The trademarks also benefit software buyers by removing the need to verify the cluster-readiness of an application under evaluation. The certification tests have already proven it. And, of course, ISVs receive benefits from the brands.
Candidate Applications
Some applications are more ready for clustering than others. The amount of work required to achieve ClusterProven status for an existing application depends on the applications functionality and design. There are several issues that must be considered.
Do You Use Journaling?
Journaling is a prerequisite for clustering. In traditional environments, many organizations have feared turning journaling on because of the potential impact on system performance. However, the magnitude of that impact has not always been clear, and in addition, IBM continues to make significant improvements in journaling performance.
Because the journal keeps a record of all changes applied to the database, journaling can cause a dramatic increase in the amount of disk I/O. This may or may not impact overall system performance, depending on where bottlenecks occur.
For example, if a system is primarily CPU-bound, adding a significant volume of disk I/O may not affect overall performance. Therefore, before implementing journaling, you should test its impact on overall system performance by turning it on. If performance is unacceptable, consult IBMs documentation for journaling tips and techniques. If performance is still inadequate, some application tuning may be required before using journaling in a production environment. With proper configuration and tuning, it is possible to journal in virtually any application environment with minimal overhead.
How Does the Application Recover Data?
If replication software from an IBM AS/400 High Availability Business Partner (HABP) is already used to maintain replicated data on a backup system, part of the road to ClusterProven status has already been traveled.
AS/400 clustering uses a shared nothing architecture. This means nodes in the cluster do not share resources. Instead, the cluster uses HABP replication software to maintain duplicates of all resourcesdata, applications, user profiles, and other system objectson all backup nodes.

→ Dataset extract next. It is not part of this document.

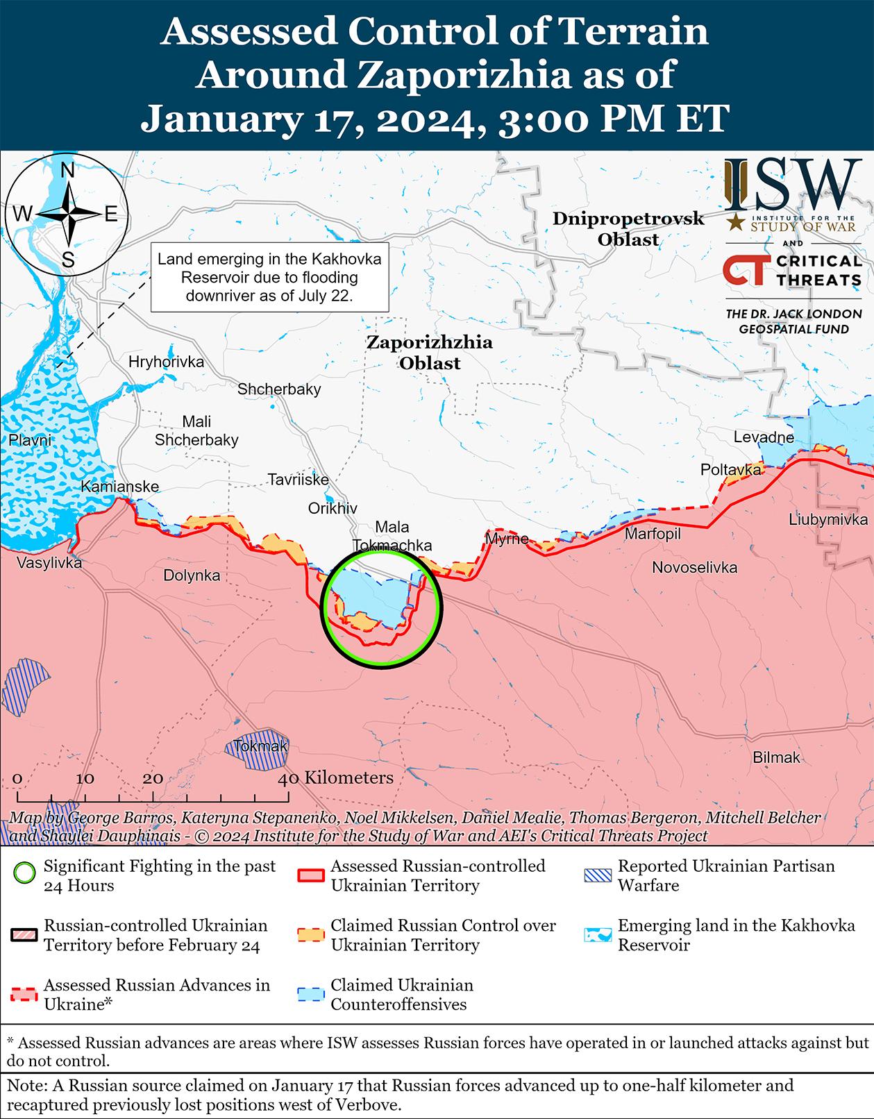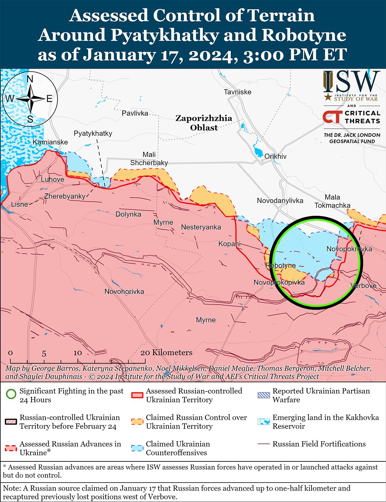 17 января на западе Запорожской области продолжались позиционные бои, однако подтвержденных изменений линии фронта на этом участке не было. Известный российский блогер, связанный с Кремлем, заявил, что российские войска продвинулись на 500 метров и отбили ранее утраченные позиции к западу от Вербовое (к востоку от Роботино), хотя ISW не обнаружил визуальных доказательств, подтверждающих это утверждение. [91] Продолжались позиционные бои в районах населенных пунктов Пятихатки (27 км к северо-западу от Роботино), Копани (северо-западнее Роботино), Роботино, Вербовое, Новопрокоповка (к югу от Роботино). [92] Сообщается, что подразделения российского 429-го мотострелкового полка (19-я мотострелковая дивизия, 58-я ОА, ЮВО) и 136-й мотострелковой бригады (58-я ОА, ЮВО) продолжают действовать на Запорожском направлении и вдоль линии Роботино – Копани соответственно. [93]

How Does the Application Recover Users?
A simple litmus test question can set the stage for determining how well prepared the application is for clustering. Simply ask yourself, How well does the application recover itself and its users after an abnormal failure in a single system environment? If an on-site visit by a software engineer is required to recover/repair data, then, most likely, a significant amount of work will be required to add robustness to the application design. If, on the other hand, the application comes back online and can quickly determine where it left off and can automatically deal with lost or damaged data, then the work to cluster-enable the application will be greatly diminished.

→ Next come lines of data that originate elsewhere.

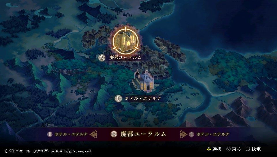 倒した後にマップの確認をしてみると、今いるダンジョン「廃都ユーラルム」とは、先ほどカミラと一緒に歩いた場所(ネーロが仲間になった場所)でした。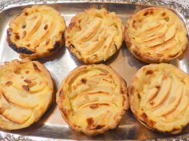 - Aboqueu la crema repartida entre els motlles, (damunt de la poma), no cal omplir-los massa. Escampeu uns quants pinyons pel damunt i enforneu de 15 a 20 minuts, fins que estiguin rossets.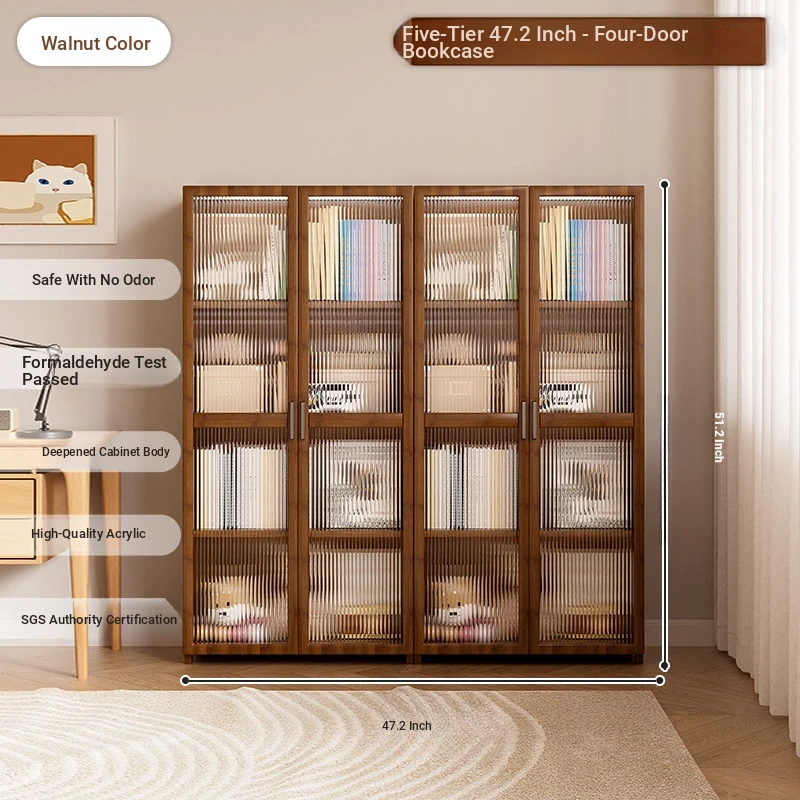 [Transparent Door] Walnut Color, Four Doors -5 Layers 47.24in [Environmental-Friendly No Odor Stable and Not Shaking]]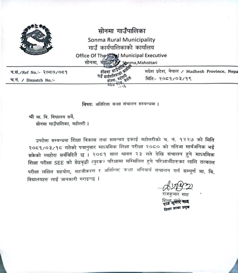 » अतिरिक्त कक्षा संचालन सम्बन्धमा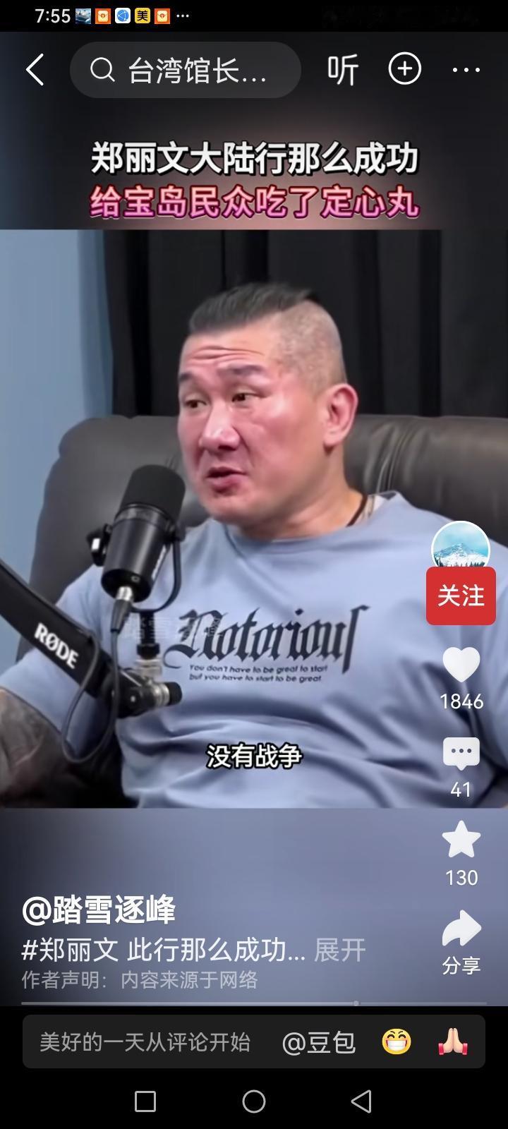 郑丽文上了馆长的节目,郑丽文说:“大陆很愿意放,可是台湾不要啊,所以只能等到2028了,如果2028国民党执政。一切就都正常了。我这次去,最起码让台湾人知道,如果2028政党轮替,就不会有战争,就会有和平。不然台湾人是不知道,大陆的态度。”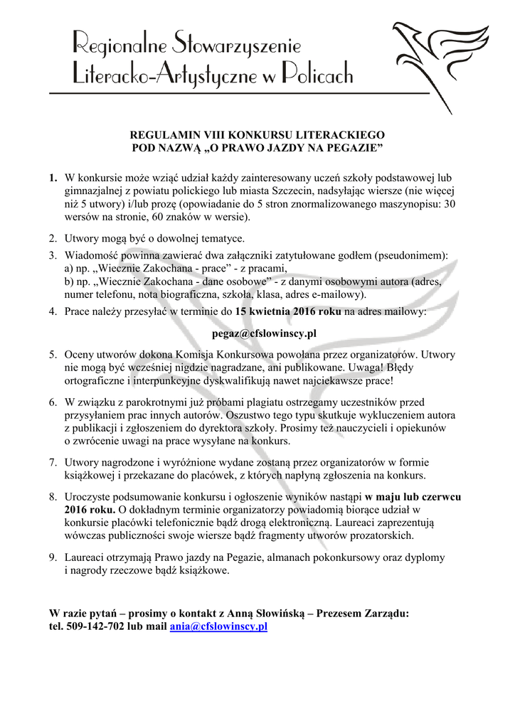 REGULAMIN VIII KONKURSU LITERACKIEGO POD NAZWĄ „O PRAWO JAZDY NA PEGAZIE” 1. W konkursie może wziąć udział każdy zainteresowany uczeń szkoły podstawowej lub gimnazjalnej z powiatu polickiego lub miasta Szczecin, nadsyłając wiersze (nie więcej niż 5 utwory) i/lub prozę (opowiadanie do 5 stron znormalizowanego maszynopisu: 30 wersów na stronie, 60 znaków w wersie). 2. Utwory mogą być o dowolnej tematyce. 3. Wiadomość powinna zawierać dwa załączniki zatytułowane godłem (pseudonimem): a) np. „Wiecznie Zakochana - prace” - z pracami, b) np. „Wiecznie Zakochana - dane osobowe” - z danymi osobowymi autora (adres, numer telefonu, nota biograficzna, szkoła, klasa, adres e-mailowy). 4. Prace należy przesyłać w terminie do 15 kwietnia 2016 roku na adres mailowy: [email protected] 5. Oceny utworów dokona Komisja Konkursowa powołana przez organizatorów. Utwory nie mogą być wcześniej nigdzie nagradzane, ani publikowane. Uwaga! Błędy ortograficzne i interpunkcyjne dyskwalifikują nawet najciekawsze prace! 6. W związku z parokrotnymi już próbami plagiatu ostrzegamy uczestników przed przysyłaniem prac innych autorów. Oszustwo tego typu skutkuje wykluczeniem autora z publikacji i zgłoszeniem do dyrektora szkoły. Prosimy też nauczycieli i opiekunów o zwrócenie uwagi na prace wysyłane na konkurs. 7. Utwory nagrodzone i wyróżnione wydane zostaną przez organizatorów w formie książkowej i przekazane do placówek, z których napłyną zgłoszenia na konkurs. 8. Uroczyste podsumowanie konkursu i ogłoszenie wyników nastąpi w maju lub czerwcu 2016 roku. O dokładnym terminie organizatorzy powiadomią biorące udział w konkursie placówki telefonicznie bądź drogą elektroniczną. Laureaci zaprezentują wówczas publiczności swoje wiersze bądź fragmenty utworów prozatorskich. 9. Laureaci otrzymają Prawo jazdy na Pegazie, almanach pokonkursowy oraz dyplomy i nagrody rzeczowe bądź książkowe. W razie pytań – prosimy o kontakt z Anną Słowińską – Prezesem Zarządu: tel. 509-142-702 lub mail [email protected]

At a conceptual level, clustering on the AS/400 is not new. For some time, and to varying degrees, the HABPs have offered system-monitoring capabilities and facilities to automatically failover or manually switchover to a backup system where the application is simply restarted. The application is not involved in the process and is said to be cluster unaware.
The difference with iSeries clustering for high availability is that some of these functions are now performed by the AS/400 cluster engine, some are performed by the HABP middleware, and some are performed by the application-supplied exit program and related application resiliency changes. The biggest difference in this new clustering architecture is the active participation of a highly resilient cluster-aware application.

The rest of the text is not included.